She was going through a divorce at the time and suspects stress might have
triggered the outbreak. She also suffered from lifelong recurrent cold sores,
another herpes virus.

Twenty years later, in 1990, Southon made a painful mistake that reminded her
of that vulnerability.

"What happened was, I stuck a hard contact (lens) in my mouth, not knowing
I was getting a cold sore. I put it into my eye and did it with the other
contact, too.

"I developed cold sores on both corneas. That was very painful and went on
for several weeks before the doctors finally figured out what it was," she
said. The doctor put her on medication for shingles and the problem cleared up,
though not before doing damage she says will one day require cornea
transplants.

Coincidentally or not, Southon said she has not had any cold sores since she
took the shingles medicine.

Her son, Paul Flinton, also had chickenpox as a child. At age 15, Paul got
shingles, too — also remarkable, doubly so given his mother's similar history.
The shingles spread along his neck, primarily on the right side, up to his jaw
line; he even had a spot on his forehead.

"The doctor did diagnose it as shingles and was just amazed someone that
young had developed it," Southon recalled. It was also a stressful period
in Paul life's, she said, but the ongoing family pattern suggests unusual,
inherited susceptibility to the virus.

"It just seems there is a genetic weakness towards it, a tendency to pick
up the herpes virus and run with it," Mary Southon said. Given that, they
might not have enrolled Paul son's Jimmy in the ProQuad trial if they knew it
had 10 times the standard dose of chickenpox virus.

She questioned why Merck would allow a child with Jimmy's family background to
test any chickenpox vaccine.

"It's heartbreaking to think this could have been prevented if they
(Merck) had done a little more research or had been a little more imaginative
in (considering) what could have happened," she said.

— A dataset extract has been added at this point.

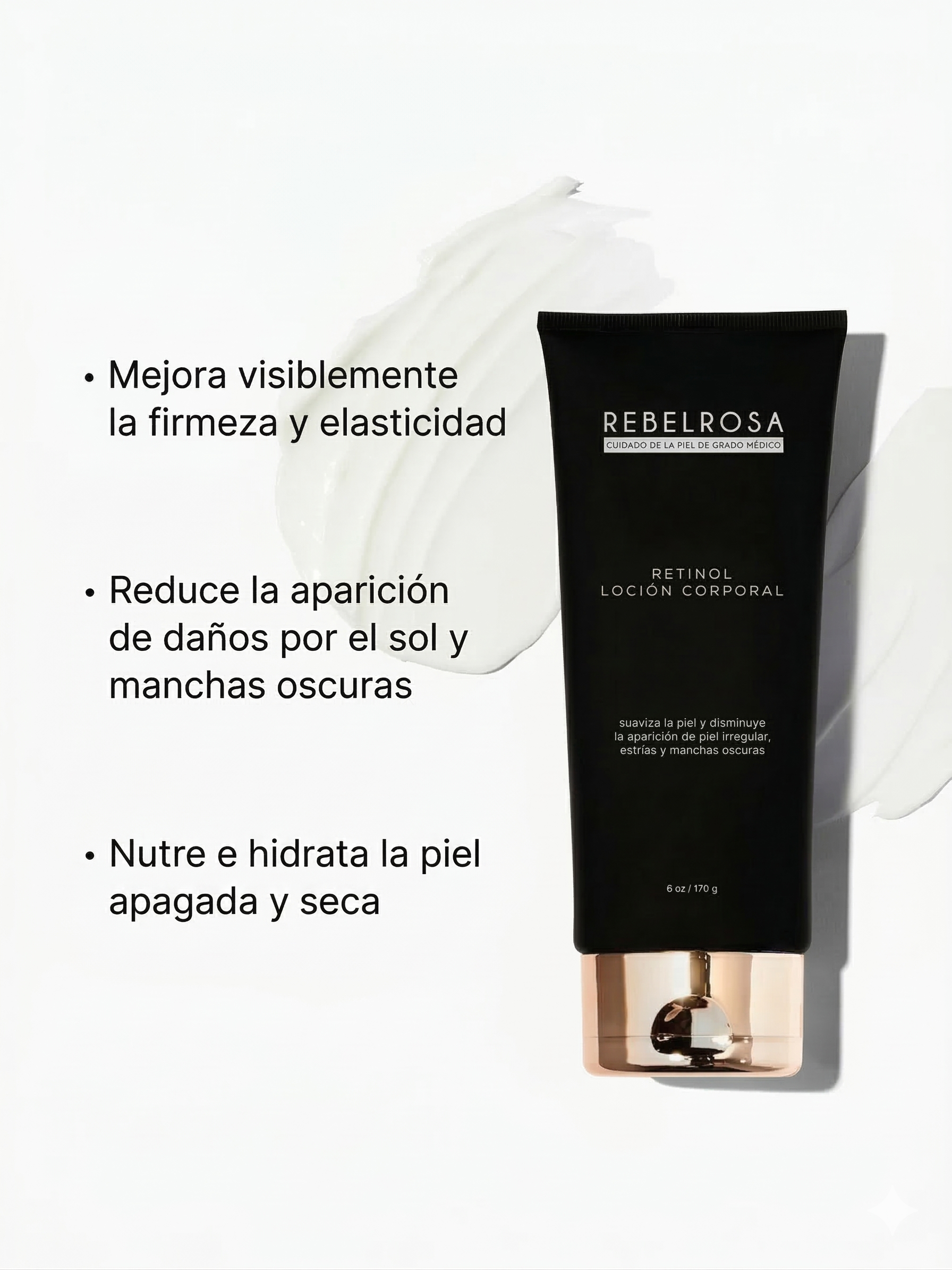 Retinol Body Lotion es una crema corporal avanzada con retinol concentrado que estimula la renovación celular, mejora visiblemente la firmeza y la elasticidad, y transforma la textura de tu piel desde la primera semana.

"I just think the rush to develop the vaccine is criminal. Why would they
want to give babies 10 times the amount of the virus? Where is the thinking on
that?"

Several vaccine researchers who remain concerned abut a possible autism link
told this column they find the Olympia
cluster, and Jimmy's case in particular, deeply disturbing. The children's
histories fit one of the major vaccine-autism hypotheses like a surgical glove:
the idea that interference among live viruses in vaccines could warp the body's
natural immune response, leading to persistent infection and delayed
neurological problems.

After Age of Autism outlined the cases to him last month, British
gastroenterologist Dr. Andrew Wakefield — the chief proponent of that
controversial theory — met with several of the Olympia parents. He called their stories
heartbreaking and likened the experience to "staring into an abyss"
of unintended vaccination consequences that he fears are not confined to Olympia.

"The key to many of the problems you see with viral vaccines is
interference," he said afterward.

"The host control of a viral infection is fundamentally mediated through
an adequate immune response, and that immune response has been conditioned by
tens of thousands of years of evolution," said Wakefield. "And the outcome of an
infection is dependent on the pattern of exposure.

"So measles is innocuous when encountered under normal circumstances of
dose and age of exposure. But when it's encountered under atypical
circumstances early in life, particularly at high dose, then the outcome is
very different. And the problem for these viruses is persistence and delayed
disease," he said.

"So if they can establish persistent infection, elude the host immune
response, then they can all come back and cause delayed disease later in
life."

"And herpes viruses do exactly the same thing," he added.

"What alarms me about the cavalier approach of the industry and everybody
else, the regulators, to these viruses is they presume the wild infection to be
nasty and the vaccines to be innocuous — that they can manipulate something
that is biologically highly intelligent and exploit it to their advantage.

"And they can't. The viruses don't behave like that and they never will.
They merely come back to haunt you as something different."

Wakefield, who left Britain
in the wake of the controversy generated by his theories and now is conducting
research in the United
States, said it is well- established that
problems coping with viruses can be inherited. His theories are based on
research into the MMR vaccine; Britain
does not give routine chickenpox immunizations.

The Institute of Medicine's
2004 report dismissed Wakefield's
concerns as speculation untethered to any scientific foundation. It said
"the body of epidemiological evidence favors rejection of a causal
relationship between the MMR vaccine and autism. …. The committee further
finds that potential biological mechanisms for vaccine-induced autism that have
been generated to date are theoretical only."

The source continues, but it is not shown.